*** Source information Section Begins ***

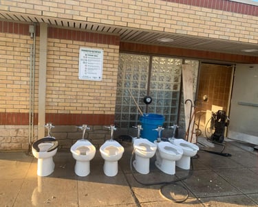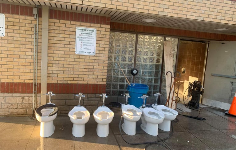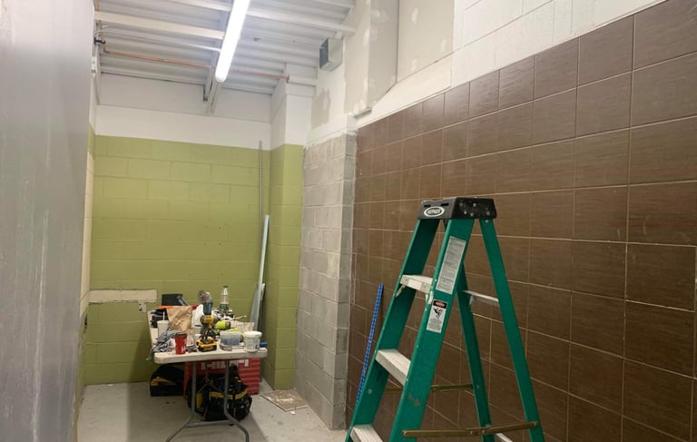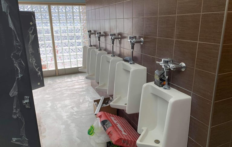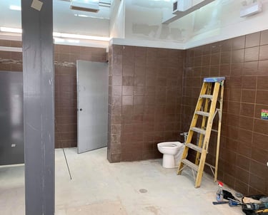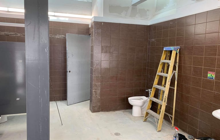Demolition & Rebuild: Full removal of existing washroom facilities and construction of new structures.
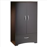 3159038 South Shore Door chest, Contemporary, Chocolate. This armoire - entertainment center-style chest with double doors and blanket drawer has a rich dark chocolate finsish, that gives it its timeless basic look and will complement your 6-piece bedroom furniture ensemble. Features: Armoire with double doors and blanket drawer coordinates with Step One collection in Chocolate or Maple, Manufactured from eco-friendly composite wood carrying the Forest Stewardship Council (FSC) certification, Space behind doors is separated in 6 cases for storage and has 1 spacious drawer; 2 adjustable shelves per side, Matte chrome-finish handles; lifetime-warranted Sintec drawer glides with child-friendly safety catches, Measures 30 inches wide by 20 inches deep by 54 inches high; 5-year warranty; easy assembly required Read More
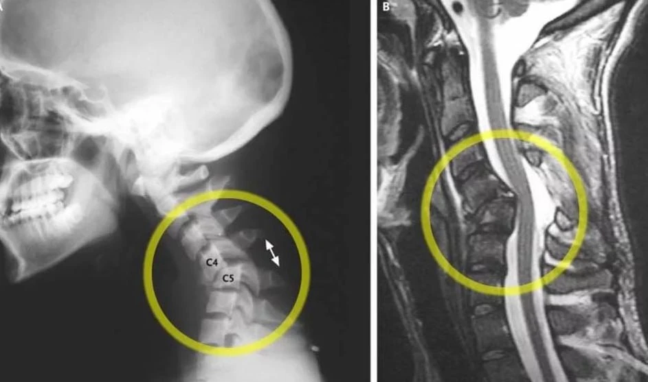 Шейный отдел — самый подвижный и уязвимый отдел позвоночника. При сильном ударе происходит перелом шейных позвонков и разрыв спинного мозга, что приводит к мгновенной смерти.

*** Source information Section Ends ***
*** Source information Section Begins ***

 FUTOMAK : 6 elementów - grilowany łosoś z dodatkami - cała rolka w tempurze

*** Source information Section Ends ***
*** Source information Section Begins ***

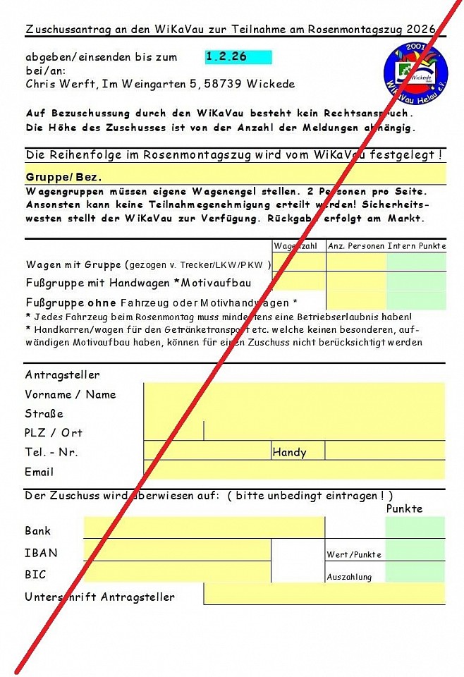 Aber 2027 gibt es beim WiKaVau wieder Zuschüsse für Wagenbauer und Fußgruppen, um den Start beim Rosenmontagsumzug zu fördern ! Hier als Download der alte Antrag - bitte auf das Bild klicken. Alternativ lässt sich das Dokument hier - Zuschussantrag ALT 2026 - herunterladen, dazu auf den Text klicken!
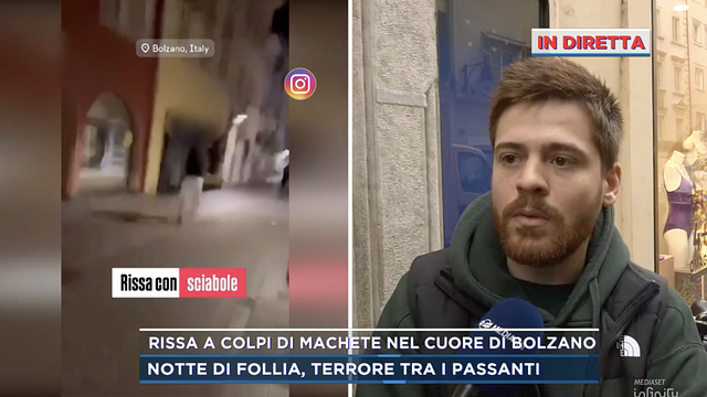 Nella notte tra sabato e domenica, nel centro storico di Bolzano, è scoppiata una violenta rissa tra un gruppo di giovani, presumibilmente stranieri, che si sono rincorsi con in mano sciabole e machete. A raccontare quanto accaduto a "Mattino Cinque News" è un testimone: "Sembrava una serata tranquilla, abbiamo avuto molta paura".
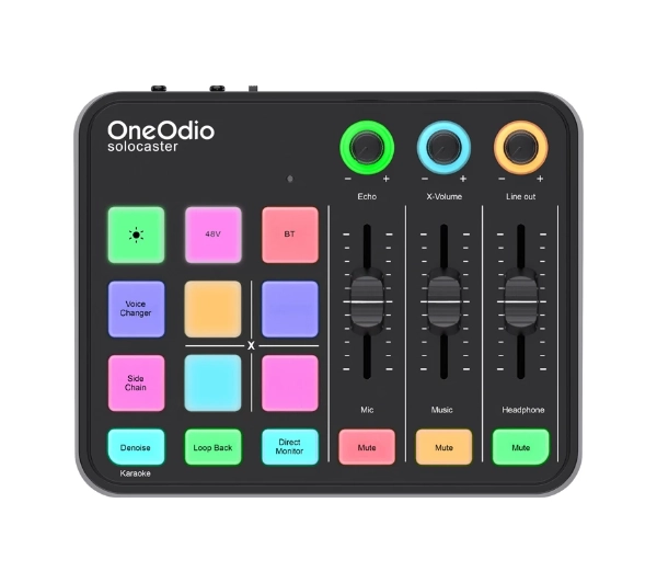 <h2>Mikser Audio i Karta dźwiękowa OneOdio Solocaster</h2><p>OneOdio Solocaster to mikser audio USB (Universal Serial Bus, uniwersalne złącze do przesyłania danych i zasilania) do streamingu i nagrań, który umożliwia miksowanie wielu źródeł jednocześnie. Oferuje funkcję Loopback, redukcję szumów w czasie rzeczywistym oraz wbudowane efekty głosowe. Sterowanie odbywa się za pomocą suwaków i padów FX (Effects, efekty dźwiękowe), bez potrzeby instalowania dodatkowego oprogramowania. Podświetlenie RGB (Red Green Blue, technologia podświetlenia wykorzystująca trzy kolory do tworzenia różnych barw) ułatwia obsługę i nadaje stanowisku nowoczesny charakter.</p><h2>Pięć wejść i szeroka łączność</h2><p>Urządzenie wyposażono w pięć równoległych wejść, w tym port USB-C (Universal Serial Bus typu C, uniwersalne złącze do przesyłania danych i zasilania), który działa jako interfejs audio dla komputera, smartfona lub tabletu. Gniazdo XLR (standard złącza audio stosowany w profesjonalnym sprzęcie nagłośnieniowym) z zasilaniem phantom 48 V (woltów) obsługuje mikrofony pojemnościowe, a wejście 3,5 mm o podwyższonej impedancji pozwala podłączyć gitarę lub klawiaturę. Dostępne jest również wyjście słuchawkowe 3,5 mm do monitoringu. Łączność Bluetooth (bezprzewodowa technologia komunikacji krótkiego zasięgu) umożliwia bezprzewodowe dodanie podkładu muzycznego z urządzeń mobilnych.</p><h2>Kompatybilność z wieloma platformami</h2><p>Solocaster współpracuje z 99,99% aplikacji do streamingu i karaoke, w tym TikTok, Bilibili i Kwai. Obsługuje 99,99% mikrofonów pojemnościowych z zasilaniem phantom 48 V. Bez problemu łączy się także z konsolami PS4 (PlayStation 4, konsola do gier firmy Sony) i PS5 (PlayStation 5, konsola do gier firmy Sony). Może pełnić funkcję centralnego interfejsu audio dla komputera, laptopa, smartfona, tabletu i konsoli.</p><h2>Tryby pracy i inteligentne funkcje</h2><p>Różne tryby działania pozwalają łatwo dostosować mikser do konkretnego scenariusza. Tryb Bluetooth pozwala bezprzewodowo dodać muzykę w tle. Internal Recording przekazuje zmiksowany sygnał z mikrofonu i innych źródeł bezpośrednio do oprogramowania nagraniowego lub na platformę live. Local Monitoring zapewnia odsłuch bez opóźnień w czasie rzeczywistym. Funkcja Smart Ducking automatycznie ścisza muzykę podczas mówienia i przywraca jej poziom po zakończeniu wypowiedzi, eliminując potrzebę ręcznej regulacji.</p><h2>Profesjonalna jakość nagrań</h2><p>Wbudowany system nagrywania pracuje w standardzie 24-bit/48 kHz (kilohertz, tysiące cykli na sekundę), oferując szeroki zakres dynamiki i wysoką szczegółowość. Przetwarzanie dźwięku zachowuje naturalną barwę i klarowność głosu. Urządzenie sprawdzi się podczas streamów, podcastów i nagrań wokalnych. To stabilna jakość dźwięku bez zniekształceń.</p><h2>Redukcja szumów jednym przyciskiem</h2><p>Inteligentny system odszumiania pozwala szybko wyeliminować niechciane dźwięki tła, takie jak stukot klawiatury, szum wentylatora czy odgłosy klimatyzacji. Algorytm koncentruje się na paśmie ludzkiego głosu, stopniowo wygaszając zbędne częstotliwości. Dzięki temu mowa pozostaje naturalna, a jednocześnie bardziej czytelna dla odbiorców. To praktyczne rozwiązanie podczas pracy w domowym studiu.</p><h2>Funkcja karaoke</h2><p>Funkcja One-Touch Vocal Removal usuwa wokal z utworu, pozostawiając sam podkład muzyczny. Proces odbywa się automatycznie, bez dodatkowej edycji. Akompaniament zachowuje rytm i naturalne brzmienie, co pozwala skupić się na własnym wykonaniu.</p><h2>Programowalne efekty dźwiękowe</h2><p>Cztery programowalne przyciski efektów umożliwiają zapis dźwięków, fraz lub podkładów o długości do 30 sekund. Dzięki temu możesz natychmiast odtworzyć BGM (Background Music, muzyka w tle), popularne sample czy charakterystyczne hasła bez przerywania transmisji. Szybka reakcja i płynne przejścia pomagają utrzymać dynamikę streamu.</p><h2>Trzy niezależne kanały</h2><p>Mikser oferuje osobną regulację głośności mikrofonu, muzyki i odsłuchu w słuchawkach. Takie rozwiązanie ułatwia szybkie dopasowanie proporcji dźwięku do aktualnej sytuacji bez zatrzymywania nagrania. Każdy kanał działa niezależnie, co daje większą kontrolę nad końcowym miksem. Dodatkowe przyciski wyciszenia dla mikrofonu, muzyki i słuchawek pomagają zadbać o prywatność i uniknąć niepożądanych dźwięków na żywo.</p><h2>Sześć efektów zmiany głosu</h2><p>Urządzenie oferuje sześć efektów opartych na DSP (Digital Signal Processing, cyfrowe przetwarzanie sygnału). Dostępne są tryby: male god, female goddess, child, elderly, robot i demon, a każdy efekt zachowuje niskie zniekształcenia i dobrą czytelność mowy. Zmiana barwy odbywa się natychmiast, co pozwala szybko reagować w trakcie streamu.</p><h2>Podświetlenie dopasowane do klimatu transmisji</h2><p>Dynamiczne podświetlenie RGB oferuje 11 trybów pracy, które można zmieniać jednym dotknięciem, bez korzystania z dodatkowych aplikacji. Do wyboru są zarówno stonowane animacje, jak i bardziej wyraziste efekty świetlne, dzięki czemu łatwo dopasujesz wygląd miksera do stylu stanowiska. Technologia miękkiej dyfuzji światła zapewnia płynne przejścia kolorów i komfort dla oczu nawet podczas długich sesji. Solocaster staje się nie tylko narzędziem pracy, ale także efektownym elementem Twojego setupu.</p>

*** Source information Section Ends ***

→ The task:
Return the stretch of data that begins with the line showing "Demolition & Rebuild: Full" and goes on through the line showing "Шейный отдел —", exactly, with pictures removed.

→ Exercise response:
Demolition & Rebuild: Full removal of existing washroom facilities and construction of new structures.
 3159038 South Shore Door chest, Contemporary, Chocolate. This armoire - entertainment center-style chest with double doors and blanket drawer has a rich dark chocolate finsish, that gives it its timeless basic look and will complement your 6-piece bedroom furniture ensemble. Features: Armoire with double doors and blanket drawer coordinates with Step One collection in Chocolate or Maple, Manufactured from eco-friendly composite wood carrying the Forest Stewardship Council (FSC) certification, Space behind doors is separated in 6 cases for storage and has 1 spacious drawer; 2 adjustable shelves per side, Matte chrome-finish handles; lifetime-warranted Sintec drawer glides with child-friendly safety catches, Measures 30 inches wide by 20 inches deep by 54 inches high; 5-year warranty; easy assembly required Read More
 Шейный отдел — самый подвижный и уязвимый отдел позвоночника. При сильном ударе происходит перелом шейных позвонков и разрыв спинного мозга, что приводит к мгновенной смерти.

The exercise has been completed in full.